■真の“開拓者”野茂英雄

 道を切り拓いた真の“開拓者”という意味ではもちろん、この人、野茂英雄を置いて大リーグは語れない。大リーグ評論家の福島良一氏が往時を振り返る。

「あの頃は、肘に負担をかけるという理由から、落ちる変化球自体を投球禁止にしていた球団もあるご時世でしたから、“宝刀”フォークを武器にした彼の登場は、なおさら衝撃的でした。数ある奪三振ショーの中でも、1995年6月14日、パイレーツ戦の16奪三振は、日本人投手の最多記録として現在も残っています」

 もちろん、ノーヒットノーランを達成したのも、野茂が初。日本人では他に2015年、当時マリナーズの岩隈久志がいるだけだ。

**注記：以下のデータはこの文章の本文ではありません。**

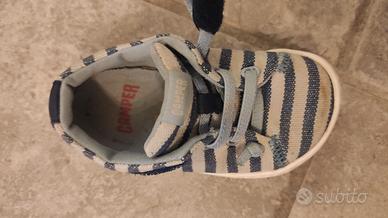 Vendo Scarpe tela Camper Peu blu/azzurro a righe per bambini. Numero 22 Segni di usura come visibili in foto.
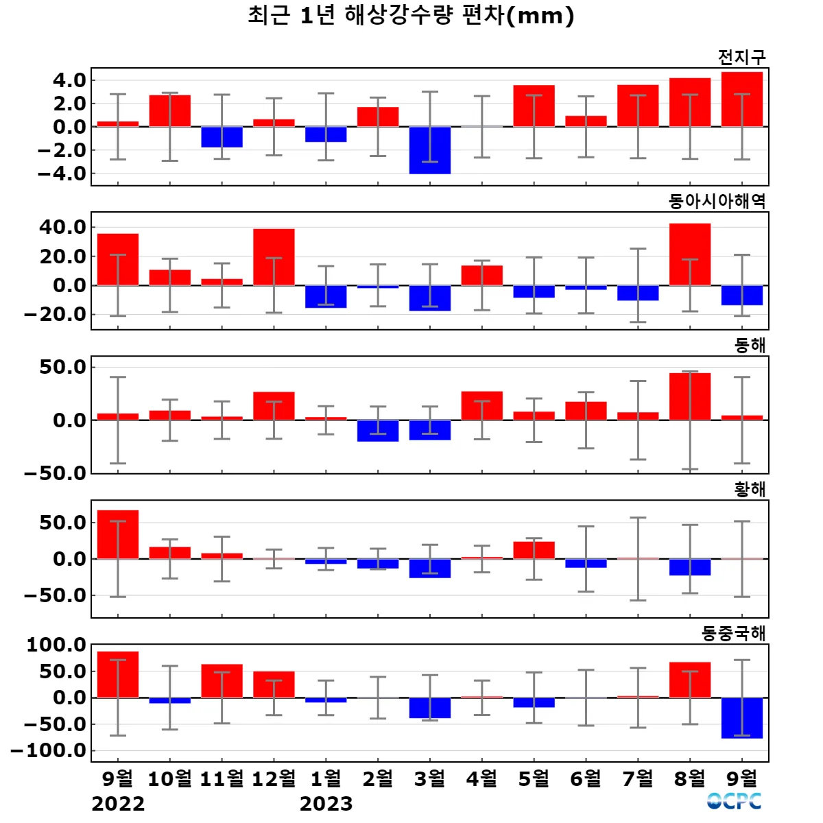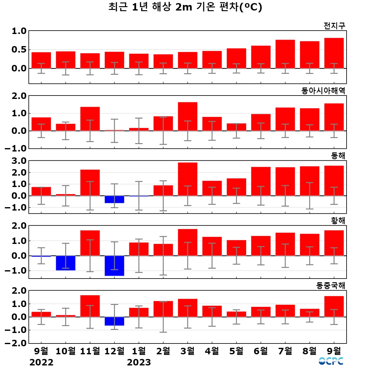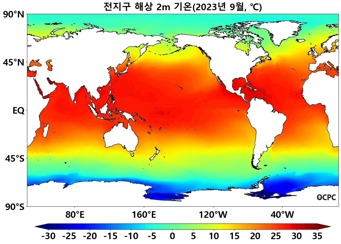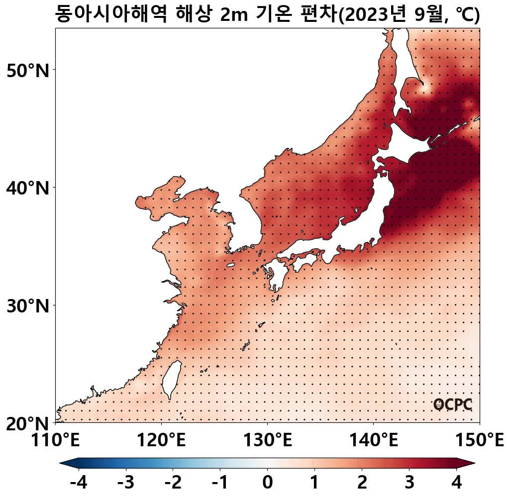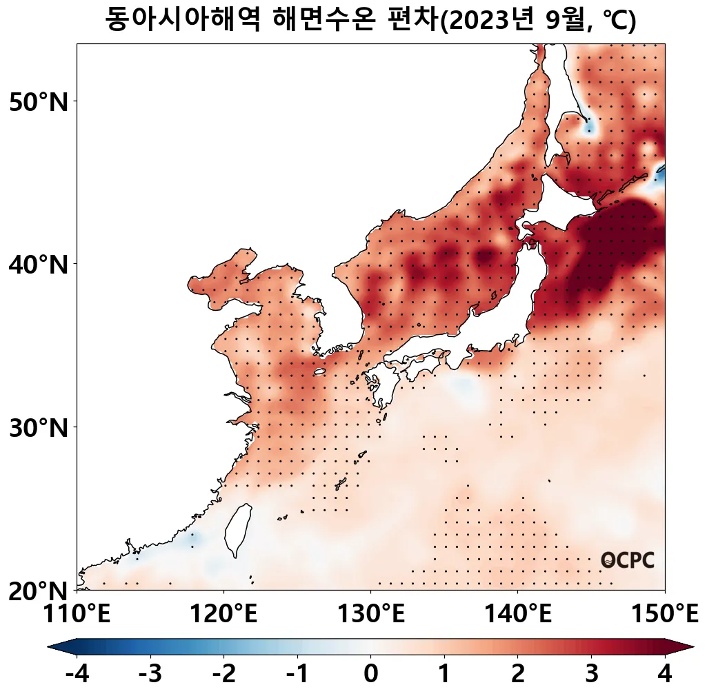 동해, 황해, 동중국해의 해상기온은 평년(19.6±0.7°C, 22.4±0.5°C, 25.8±0.6°C)보다 각각 2.6°C, 1.7°C, 1.6°C 높았으며, 1981~2023년(9월) 중 가장 높았습니다.

「リーグをまたいで複数回達成しているのは、メジャーでも彼を含めて5人だけ。とりわけ、1996年9月17日のロッキーズ戦の初快挙は、圧倒的打者有利で知られる標高1600メートルのクアーズ・フィールドで達成された唯一の記録でもあることから、“史上最も価値のあるノーヒッター”とも言われています」(前同)

 ちなみに、前出の薮田氏はロイヤルズで、その野茂と同僚に。球団の配慮でロッカーも隣だったという。

「右も左も分からない僕にも親身になってくれて、すごく助けてもらいました。そのときすでに野茂さんはレジェンド。僕自身も“うわ、野茂さんだ!”となりましたが、それ以上に向こうの若い選手たちから尊敬の眼差しを集めていたのが印象的でしたね」(薮田氏)

 一方、ヤンキースで日本人初のチャンピオンリングを手にしながら、野茂とは対照的な“悪童”で鳴らしたのが伊良部秀輝だ。だが、ロッテで1年だけ同僚だった薮田氏は、そんな世間のイメージとは異なる一面を証言する。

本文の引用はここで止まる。